- _Data_

....................

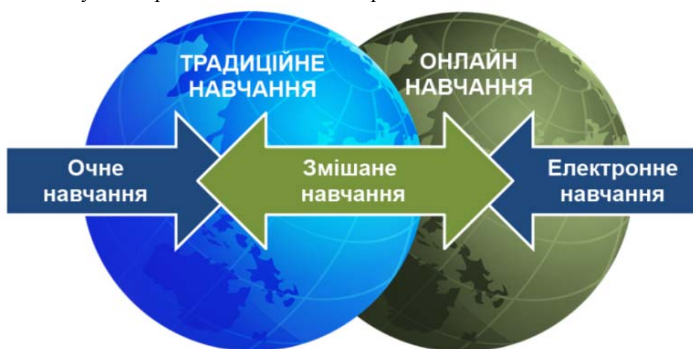
Рис. 1. Структура змішаного навчання.

Визначені компоненти функціонують у постійному взаємозв'язку, утворюючи єдине ціле. Отже, змішане навчання – це система, складові якої гармонійно взаємодіють за умови грамотної методичної організації.
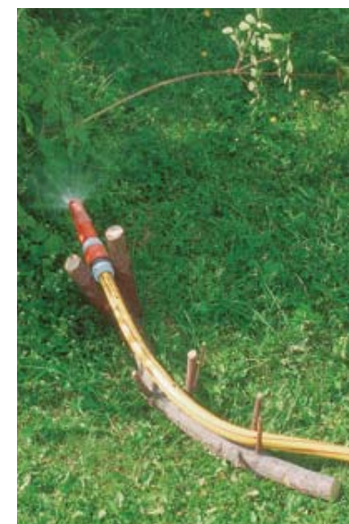
Vanning er viktig i fjellbygdene i Nord-Gudbrandsdalen. Det kommer så lite regn at folk fra gammelt av måtte lære seg å skaffe vann fra fjellet. I Haukdalen har de funnet en original støtte til vannslangen.
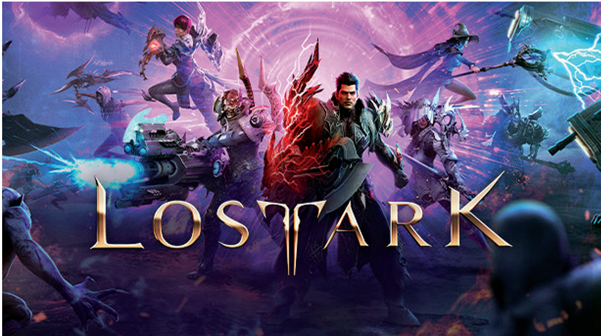
Grafika promująca grę Lost Ark

Lost Ark to nowe MMORPG, które swoją premierę na zachodzie miało 11 lutego 2022 r. Gracze, którzy zapłacili za przedpremierowy pakiet, mogli przetestować produkcję kilka dni wcześniej. Aczkolwiek, aby zagrać w Lost Arka, nie trzeba wydać żadnych pieniędzy, co sprawiło, że już dzień po oficjalnej premierze na serwerach gry przebywało jednocześnie aż 1,3 miliona osób. Gra osiągnęła drugi najlepszy wynik w historii Steama. Czy to oznacza, że jest warta sprawdzenia?
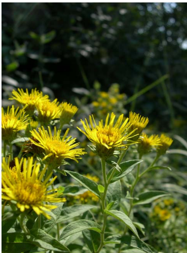
Fotografía 4. Capítulos de Inula helvetica en los que se aprecia que las lígulas sobrepasan claramente el involucre (Puentelarrá, Álava).
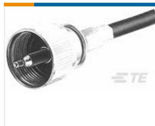
TE 产品编号226279-1 UHF PLUG RG 58 TIN PL

....................

- _Work order_
Every line from the one containing "Fotografía 4. Capítulos" through the last line of the listing must be written out again exactly, and no other line. Leave the pictures aside.

- _Result for this task_
Fotografía 4. Capítulos de Inula helvetica en los que se aprecia que las lígulas sobrepasan claramente el involucre (Puentelarrá, Álava).
TE 产品编号226279-1 UHF PLUG RG 58 TIN PL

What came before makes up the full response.